Querying a hadoop data store means knowing Map-Reduce programming or writing Pig and Hive scripts.  Hadoop at its core consists of HDFS storage and Map-Reduce Engine. Map-reduce programs being typically written in Java are difficult to write. They are not at all easy to use from a business users perspective.  The ability to use SQL to analyze data stored in hadoop will help in making hadoop go main stream.  This will also enable the business user to reuse their existing SQL knowledge to analyze the data store in hadoop. Various initiatives are underway both in the open source as well as in various companies to solve the problem of enabling SQL on Hadoop.  The following are some of the most common ones.

Hive: Facebook developed Hive as a way of bringing a SQL Like interface for querying hadoop. A Hive Warehouse needs to be created first that provides a schema on top of the data stored in HDFS. Using Hive QL ( Hive Query language) we can use SQL like syntax to query data stored in Hadoop HDFS.  The Sql Support for Hive is very limited at this point.  It does not offer support for full ANSI Sql.  In the case of joins Hive supports  ANSI Join syntax only.
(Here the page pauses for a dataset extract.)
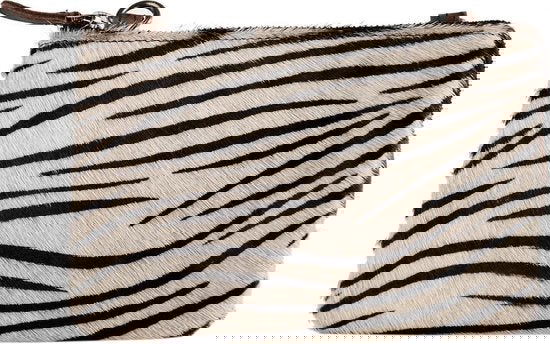 Dames Crossbody Tas van Donkerbruin Leer met Vacht en Zebra Print
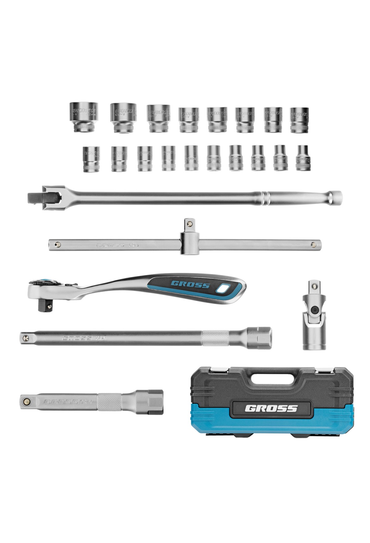 Набор инструментов Gross 14147 из стали CrV используется для закручивания и откручивания резьбового крепежа и включает 24 предмета, в том числе ключ-трещотку со 120 зубьями и присоединительным квадратом 1/2". Комплект адаптирован для работы в труднодоступных местах — для этого предусмотрены удлинители, воротки и карданный шарнир. Набор подойдет для самостоятельного ремонта автомобилей и выполнения бытовых работ.

It only supports equi-joins at this point. Hive also does not support correlated sub queries which are commonly used in most traditional warehouse queries . Hive is not designed for low latency queries. Hive actually launches map-reduce jobs in the background. So even for small Hive tables, the query will take several minutes. It is really designed to run queries against massive amounts of data, where the query will return results in a few hours. Hive is not suited for real time querying and analysis

Impala:  Cloudera’s Impala provide a fast real time query capability for your data stored in Hadoop using Sql. Impala is based on Google’s Dremel paper. Currently Impala supports a subset of Ansi-92 Sql. There are still some issues on the join table sizes with Impala. If the join results do not fit into the amount of memory available in the hadoop cluster, the join would fail.  Your queries are limited by the amount of memory you have. Impala currently supports hash Joins. Cloudera does provide some recommendations on memory size for data nodes based on their beta customer experience Impala also provides connection using JDBC and ODBC as well as a command line tool.  Cloudera provides some interesting performance data on their site for Impala(http://blog.cloudera.com/blog/2013/05/cloudera-impala-1-0-its-here-its-real-its-already-the-standard-for-sql-on-hadoop/).
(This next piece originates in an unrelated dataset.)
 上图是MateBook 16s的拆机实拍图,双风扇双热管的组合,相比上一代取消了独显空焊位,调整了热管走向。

BigSql:  BigSql is an enterprise class SQL query engine from IBM and is available on IBM’s hadoop distribution BigInsights version 2.1.  BigSql provides full ANSI Sql support as well as support for correlated subqueries. There is no memory size limitation for join tables. BigSql runs on top of a Hive Warehouse or Hbase . BigSql also provides an option for using adaptive Map-reduce to improve the performance of Map-reduce Jobs.  Adaptive Map-reduce comes from IBM’s experience in high performance computing clusters. BigSql supports standard as well as ANSI Join, cross join and non-equi join syntax. It also provides a much wider support for data types compared to Hive. Any BI and visualization tool that uses JDBC/ODBC drivers can use BigSql to connect to a BigInsights Hadoop cluster. BigSql also comes with a command line query tool called JSqsh, which is similar to Oracle Sql*Plus or MySql command line tools. IBM has announced their free download for BigInsights Quickstart VM that comes bundled with BigSql (http://www-01.ibm.com/software/data/infosphere/biginsights/quick-start/)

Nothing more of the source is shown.